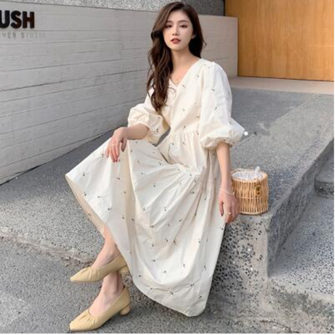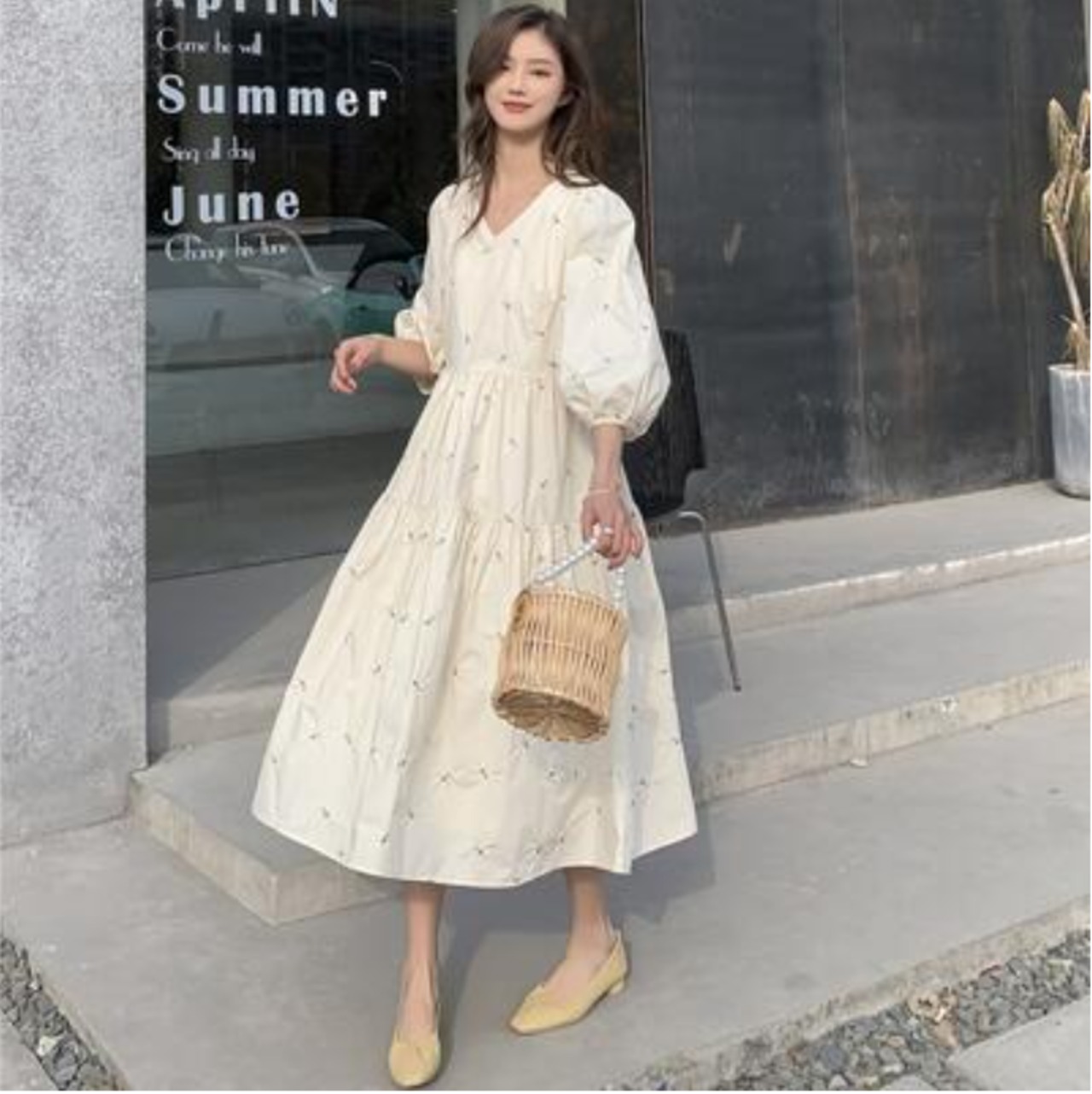 ボリューム袖とティアードのふんわりシルエットが女性らしさをアピール。
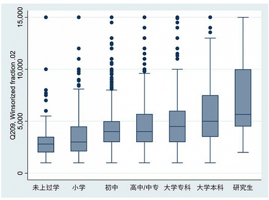 根据2019年流动人口动态监测数据,我们可以算出不同教育程度的人在每日工作8小时情况下的平均收入(收入经过前后2%截尾):
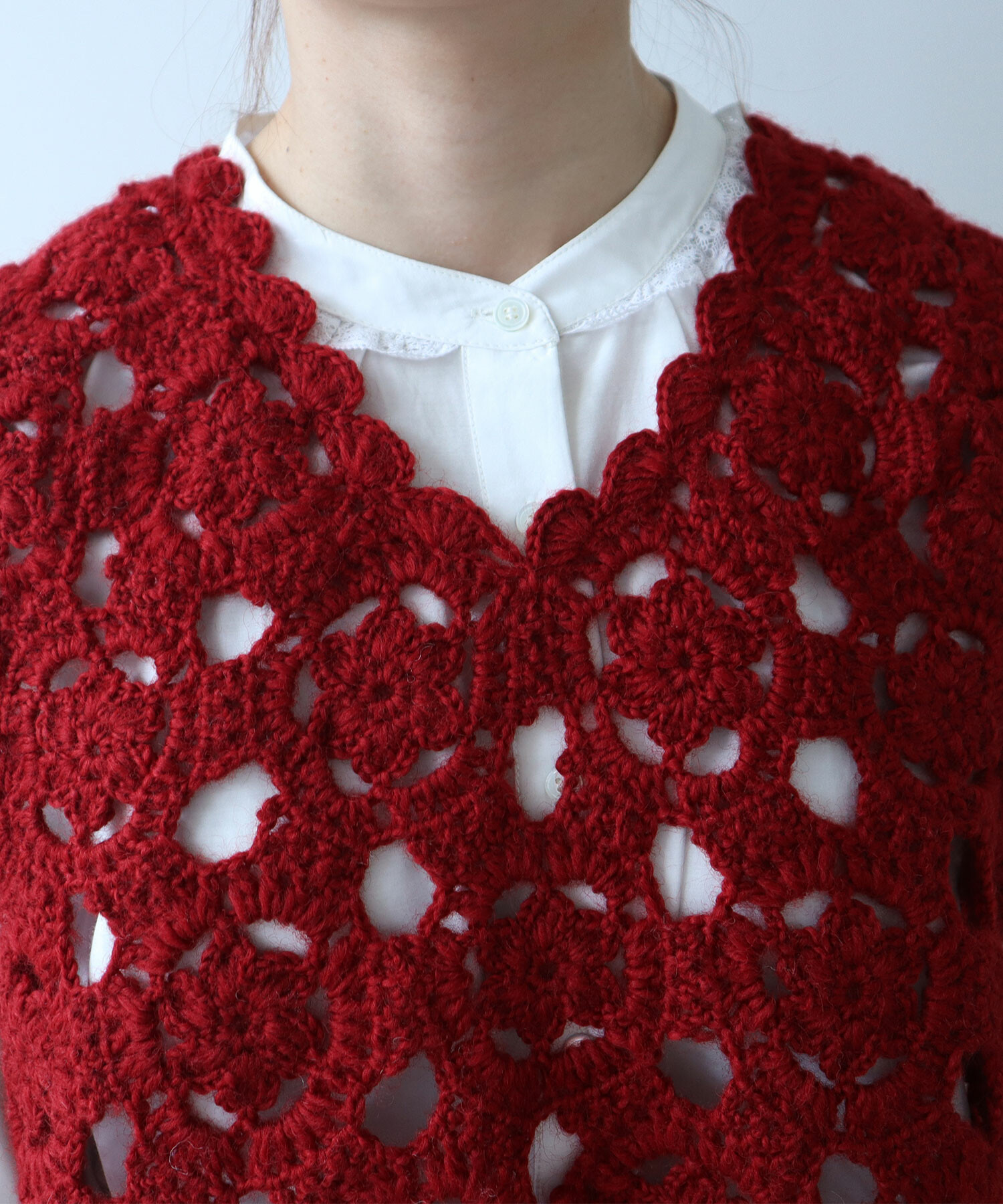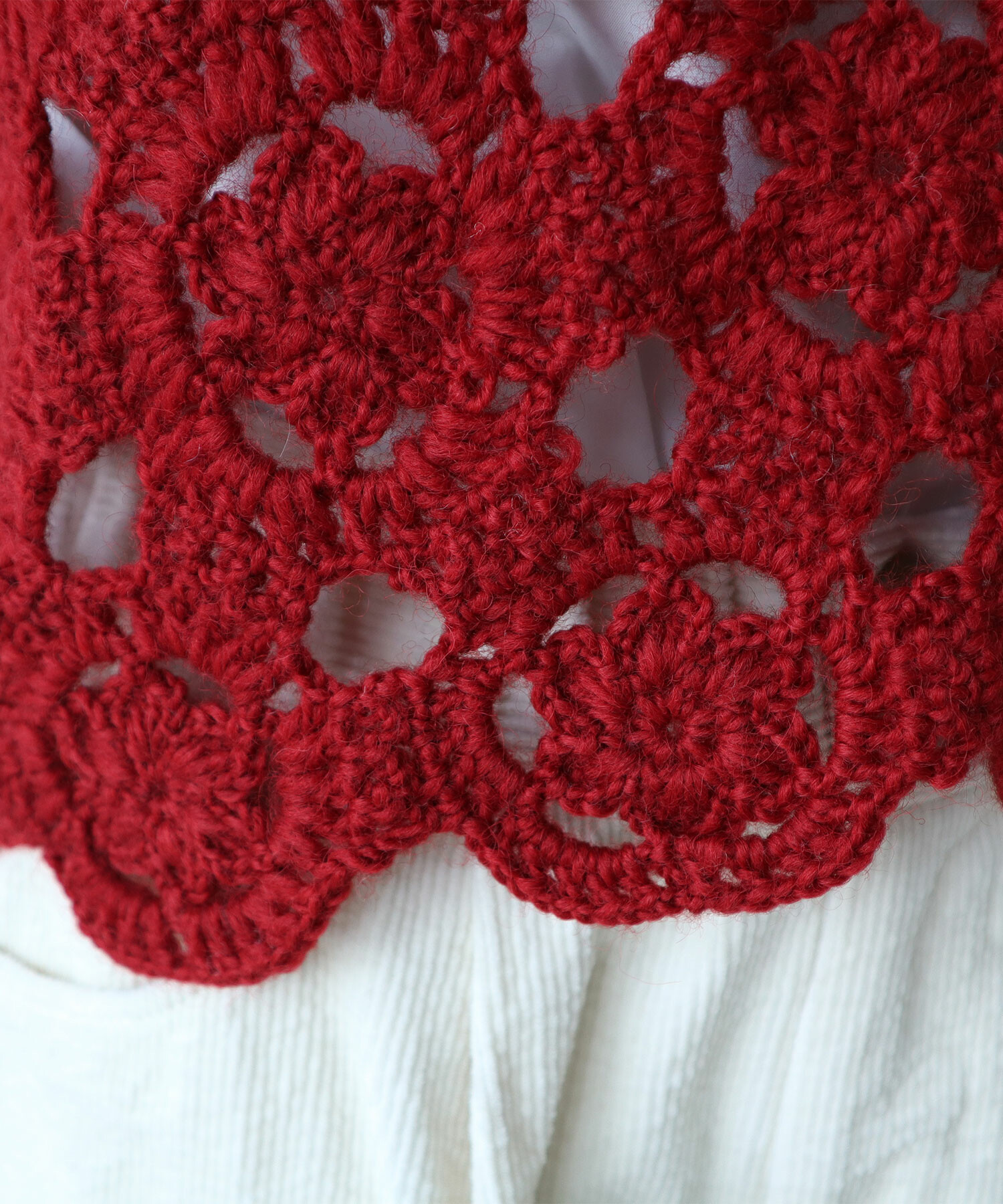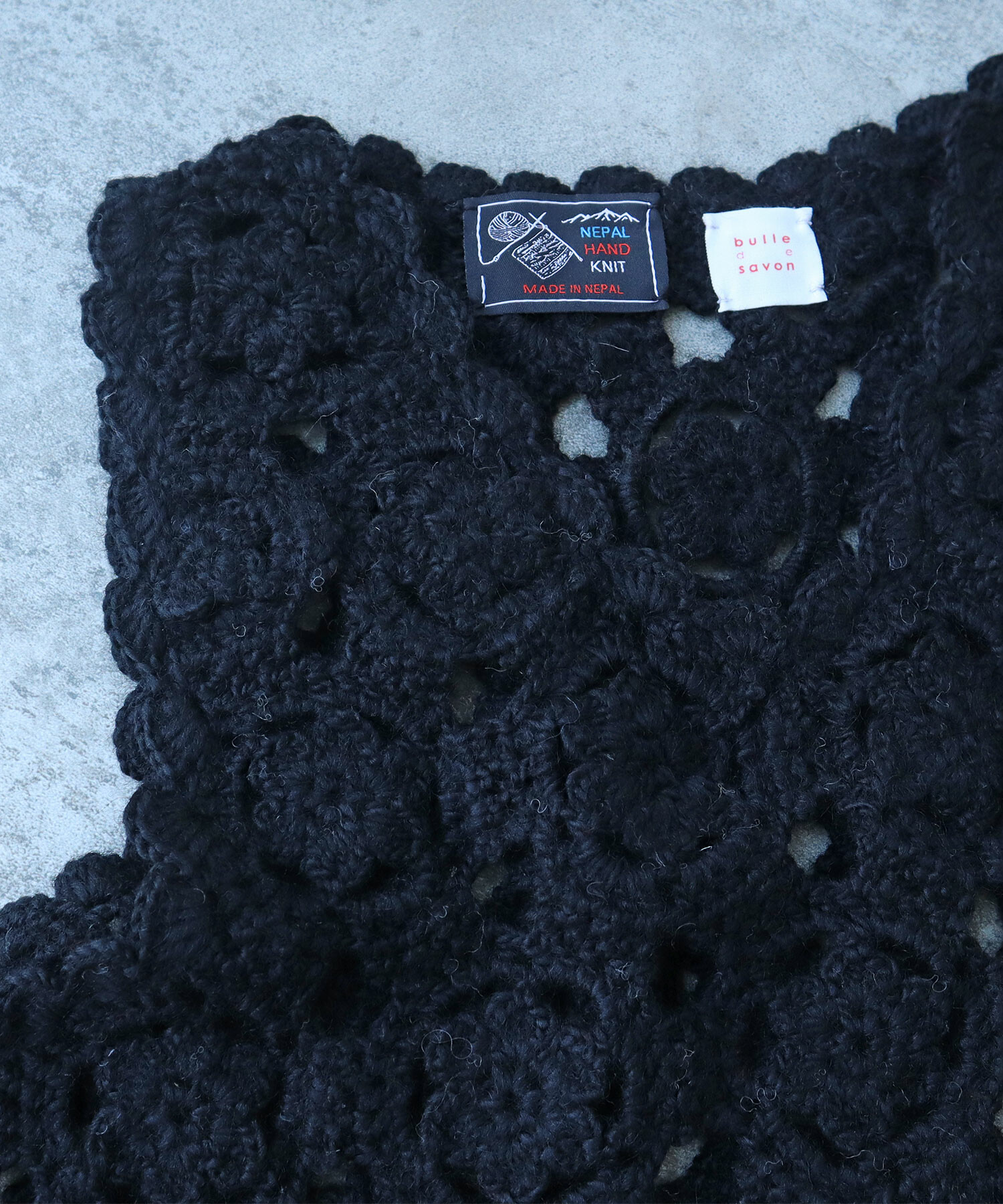 手編みならではの細やかな技術が光る1枚です。
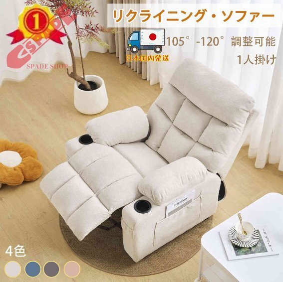 - 【国内発送】リクライニングソファー ソファー 1人掛け コンパクト ゲーミングチェア 105°-120°調整可能コンパクト リクライニングチェア
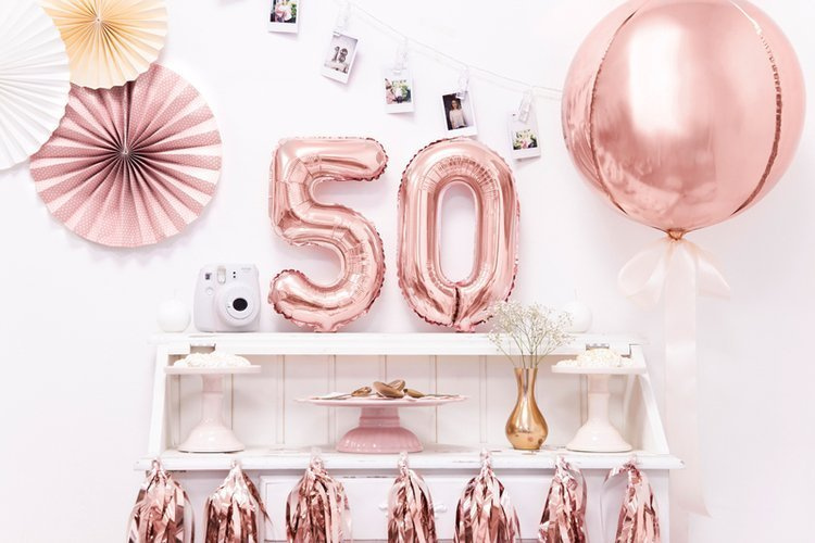 • BALON FOLIOWY 35cm, CYFRA 5 RÓŻOWE ZŁOTO
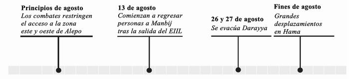 5. El 13 de agosto, después de un estancamiento de 42 días, las Fuerzas Democráticas Sirias, con el respaldo de la coalición de lucha contra el EIIL dirigida por los Estados Unidos, asumieron el control total de la ciudad de Manbij y grandes franjas de tierra en la parte este de la zona rural de Alepo. Tras la partida del EIIL, decenas de miles de desplazados internos regresaron a Manbij, pese a informes de importantes preocupaciones en materia de protección, en particular los altos niveles de contaminación por artefactos explosivos improvisados. Las Naciones Unidas no han podido abrir una vía segura para proporcionar asistencia humanitaria debido a la inseguridad imperante en la región. Cientos de combatientes del EIIL que se vieron obligados a abandonar Manbij se trasladaron a la ciudad de Jarabulus, en la zona rural al norte de Alepo, tomando a aproximadamente 2.000 civiles a los que utilizaron como escudos humanos durante el desplazamiento. Los civiles fueron liberados posteriormente.
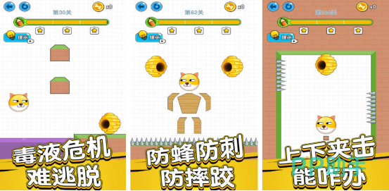 主打烧脑型解谜机制,全关卡采用手绘线条防护系统。剧情围绕一只受威胁的宠物犬展开,玩家需在限定区域内绘制安全路径,规避蜜蜂围攻、毒液滴落、蜂巢坍塌等动态危机。每关机关逻辑独立,如上下夹击结构需分段引导、密闭蜂窝环境需制造临时屏障,强调空间思维与时机把控能力。
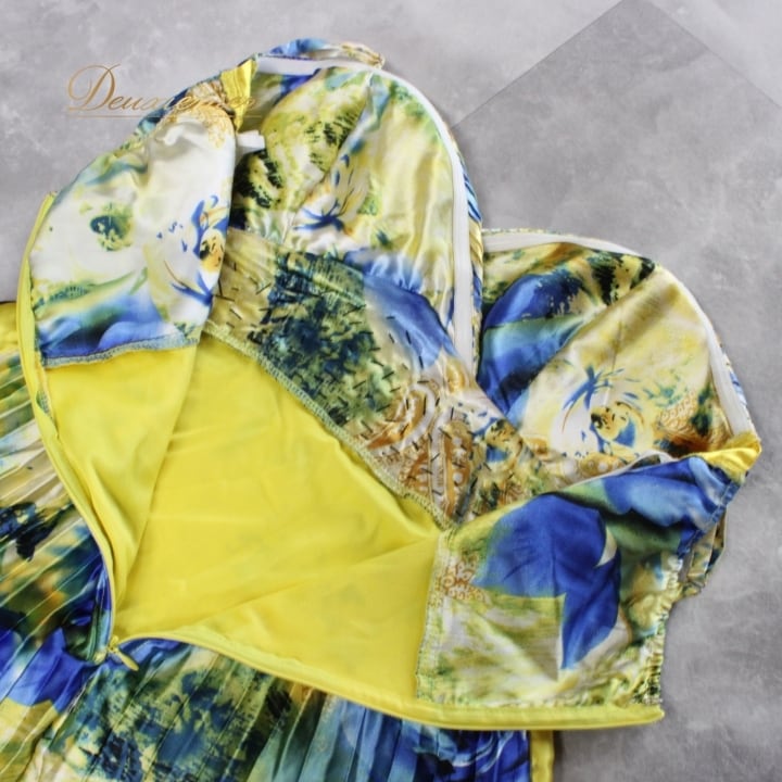 #ドレス #ワンピース #ファッション #カジュアル #レディース #夏コーデ #花柄 #ブルー #イエロー #デザイン #dazzyqueen #トレンド #おしゃれ #スタイル #美しい #モテ服 #伸縮性 #特別な日 #パーティー #ENUTSU
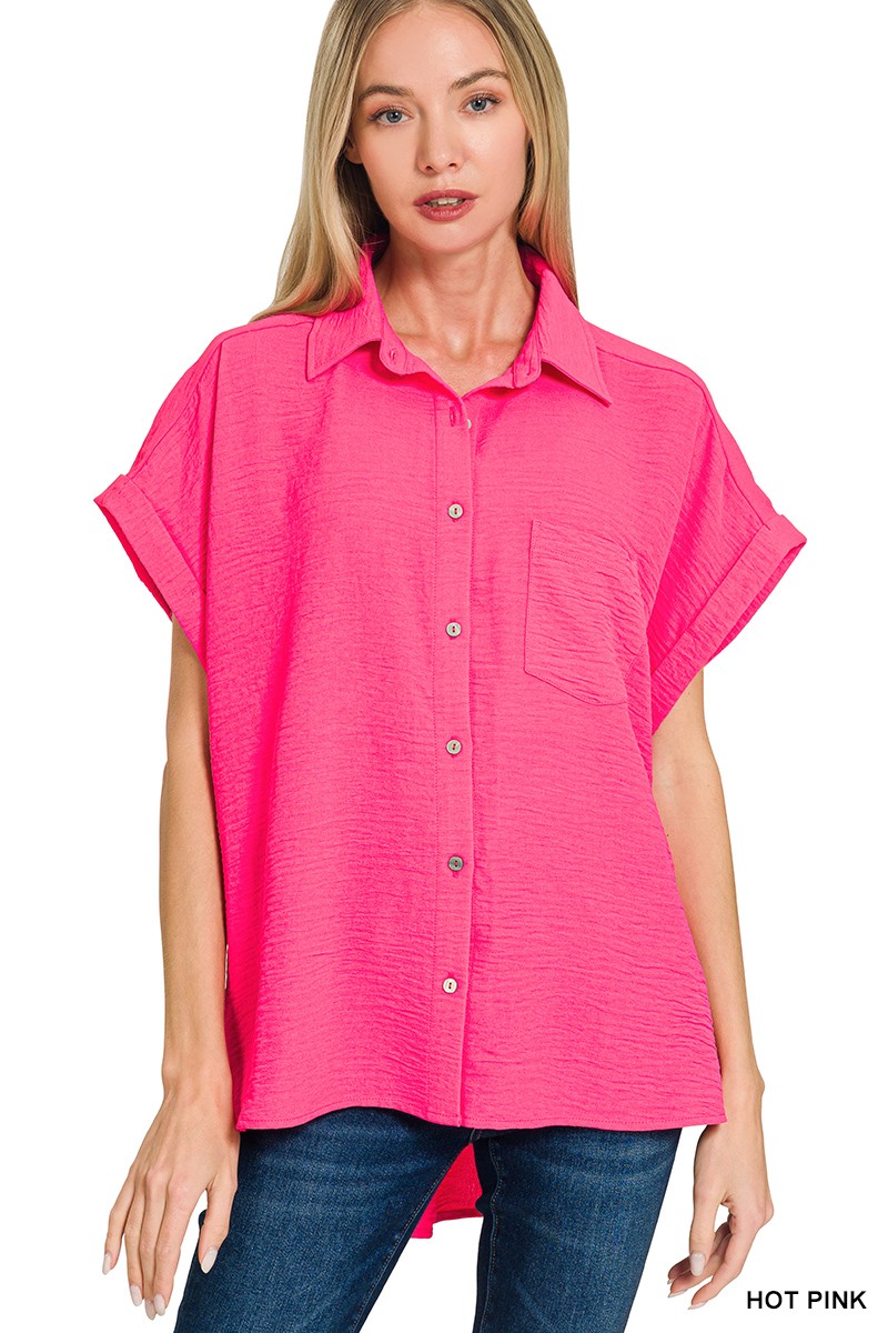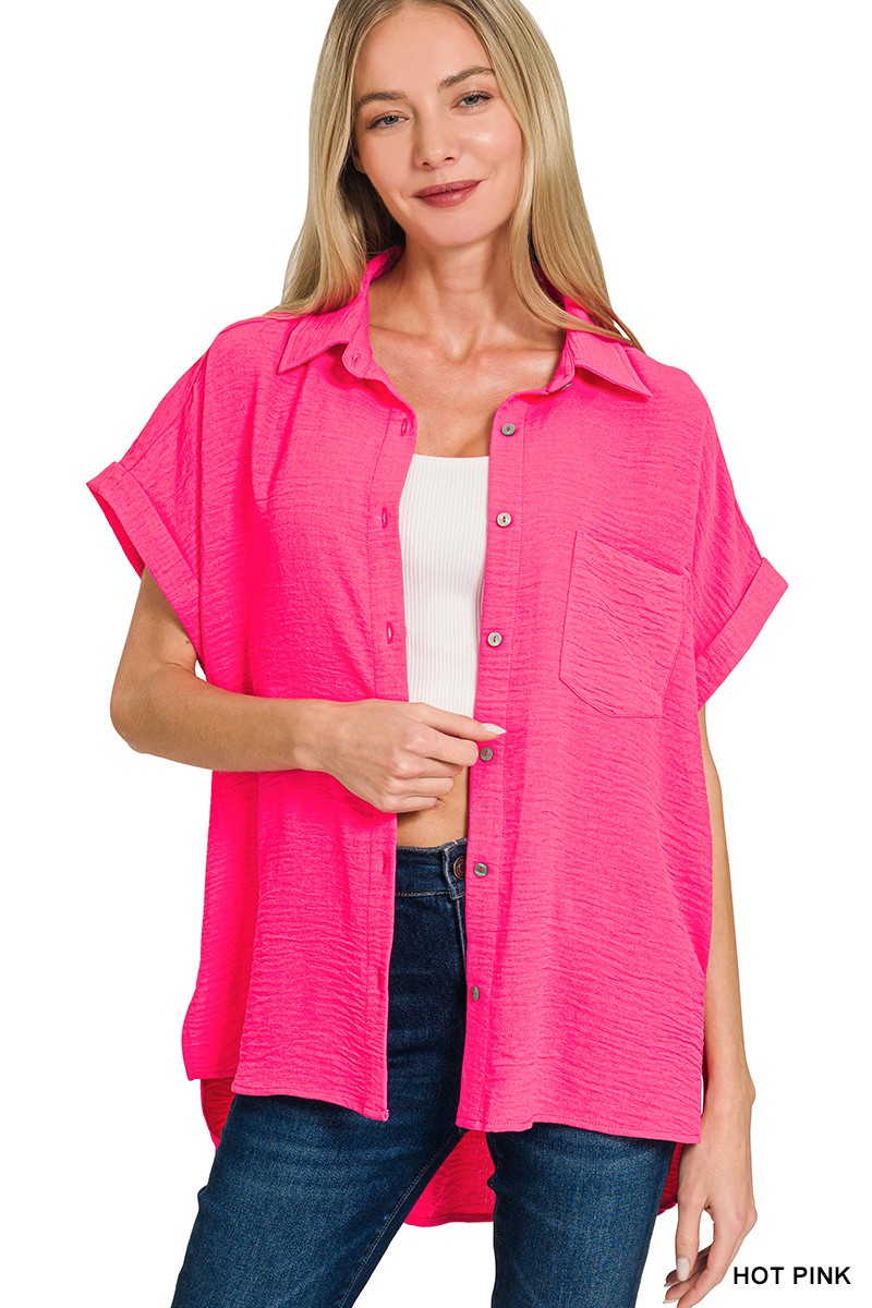 Zenana Woven Airflow Button Down Shirt

★ ★ ★ ★ ★ ★ ★

= Activity =
This task calls for the lines from the line containing "5. El 13 de" through the end of the listing, set down exactly and only, with pictures omitted.

= Exercise solution =
 5. El 13 de agosto, después de un estancamiento de 42 días, las Fuerzas Democráticas Sirias, con el respaldo de la coalición de lucha contra el EIIL dirigida por los Estados Unidos, asumieron el control total de la ciudad de Manbij y grandes franjas de tierra en la parte este de la zona rural de Alepo. Tras la partida del EIIL, decenas de miles de desplazados internos regresaron a Manbij, pese a informes de importantes preocupaciones en materia de protección, en particular los altos niveles de contaminación por artefactos explosivos improvisados. Las Naciones Unidas no han podido abrir una vía segura para proporcionar asistencia humanitaria debido a la inseguridad imperante en la región. Cientos de combatientes del EIIL que se vieron obligados a abandonar Manbij se trasladaron a la ciudad de Jarabulus, en la zona rural al norte de Alepo, tomando a aproximadamente 2.000 civiles a los que utilizaron como escudos humanos durante el desplazamiento. Los civiles fueron liberados posteriormente.
 主打烧脑型解谜机制,全关卡采用手绘线条防护系统。剧情围绕一只受威胁的宠物犬展开,玩家需在限定区域内绘制安全路径,规避蜜蜂围攻、毒液滴落、蜂巢坍塌等动态危机。每关机关逻辑独立,如上下夹击结构需分段引导、密闭蜂窝环境需制造临时屏障,强调空间思维与时机把控能力。
 #ドレス #ワンピース #ファッション #カジュアル #レディース #夏コーデ #花柄 #ブルー #イエロー #デザイン #dazzyqueen #トレンド #おしゃれ #スタイル #美しい #モテ服 #伸縮性 #特別な日 #パーティー #ENUTSU
 Zenana Woven Airflow Button Down Shirt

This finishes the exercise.